Duan Xiaoran, Li Chunyang, Wang Tuanwei, Feng Xiaolei, Cui Liuxin, Yao Wu, Wang Wei
Clin Lab. 2016;62(6):1179-82. doi: 10.7754/clin.lab.2015.150942.
In recent research, it has been shown that there have been variants of rs894160 within the PLINI gene which have been associated with obesity, type 2 diabetes, and other diseases. But the isoschizomers such as the Mn1I enzyme required for the detection of this polymorphism are expensive.

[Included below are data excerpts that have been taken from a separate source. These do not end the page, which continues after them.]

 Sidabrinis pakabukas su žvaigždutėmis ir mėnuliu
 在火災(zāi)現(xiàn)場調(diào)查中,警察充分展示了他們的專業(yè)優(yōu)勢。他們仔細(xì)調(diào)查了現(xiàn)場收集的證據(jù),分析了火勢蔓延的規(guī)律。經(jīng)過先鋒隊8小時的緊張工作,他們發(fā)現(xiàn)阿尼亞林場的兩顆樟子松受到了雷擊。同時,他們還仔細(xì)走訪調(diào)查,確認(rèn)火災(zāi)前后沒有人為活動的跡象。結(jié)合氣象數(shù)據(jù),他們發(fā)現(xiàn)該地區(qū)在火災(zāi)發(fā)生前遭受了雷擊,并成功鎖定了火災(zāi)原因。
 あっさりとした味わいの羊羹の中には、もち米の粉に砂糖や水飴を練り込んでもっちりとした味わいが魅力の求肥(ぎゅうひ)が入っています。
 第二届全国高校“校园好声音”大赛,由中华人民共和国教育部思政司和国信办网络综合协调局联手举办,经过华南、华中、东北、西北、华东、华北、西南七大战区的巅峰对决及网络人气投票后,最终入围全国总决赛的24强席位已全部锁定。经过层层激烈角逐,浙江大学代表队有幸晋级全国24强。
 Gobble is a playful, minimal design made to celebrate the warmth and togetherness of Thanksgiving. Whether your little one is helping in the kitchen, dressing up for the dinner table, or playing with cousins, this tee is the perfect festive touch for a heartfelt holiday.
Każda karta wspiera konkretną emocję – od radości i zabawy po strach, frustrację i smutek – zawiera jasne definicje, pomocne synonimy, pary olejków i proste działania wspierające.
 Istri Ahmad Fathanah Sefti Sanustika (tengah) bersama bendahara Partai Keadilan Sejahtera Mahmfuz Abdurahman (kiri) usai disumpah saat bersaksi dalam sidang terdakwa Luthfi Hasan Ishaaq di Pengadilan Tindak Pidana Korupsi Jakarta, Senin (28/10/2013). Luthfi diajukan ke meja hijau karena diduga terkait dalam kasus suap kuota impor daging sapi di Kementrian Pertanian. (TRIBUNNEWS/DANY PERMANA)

The study used an improved PCR-RFLP method with mismatched base for detection of the single nucleotide polymorphism rs894160.
After detecting 550 Chinese Han individuals, the genotype frequencies were 26.0% for AA, 50.0% for AG, and 24.0% for GG. The allelic frequencies were 51.0% for A and 49.0% for G. The PCR results were confirmed by DNA sequencing. The chi2 test showed the genotype and allele frequencies of PLIN1 do not deviate from Hardy-Weinberg equilibrium, and the sequences of amplified products were consistent with the one published in Genbank with the exception of mismatched base.
Based on the PCR with mismatched primers we designed, the PLIN1 polymorphisms could be identified effectively.
近期研究表明,PLIN1基因内的rs894160存在多种变体,这些变体与肥胖症、2型糖尿病及其他疾病有关。但检测该多态性所需的同裂酶,如Mn1I酶,价格昂贵。
本研究采用改进的带有错配碱基的PCR-RFLP方法检测单核苷酸多态性rs894160。
对550名中国汉族个体进行检测后,AA基因型频率为26.0%,AG基因型频率为50.0%,GG基因型频率为24.0%。等位基因频率A为51.0%,G为49.0%。PCR结果经DNA测序确认。卡方检验显示,PLIN1的基因型和等位基因频率未偏离哈迪-温伯格平衡,除错配碱基外,扩增产物序列与Genbank中公布的序列一致。
基于我们设计的错配引物PCR,可以有效鉴定PLIN1多态性。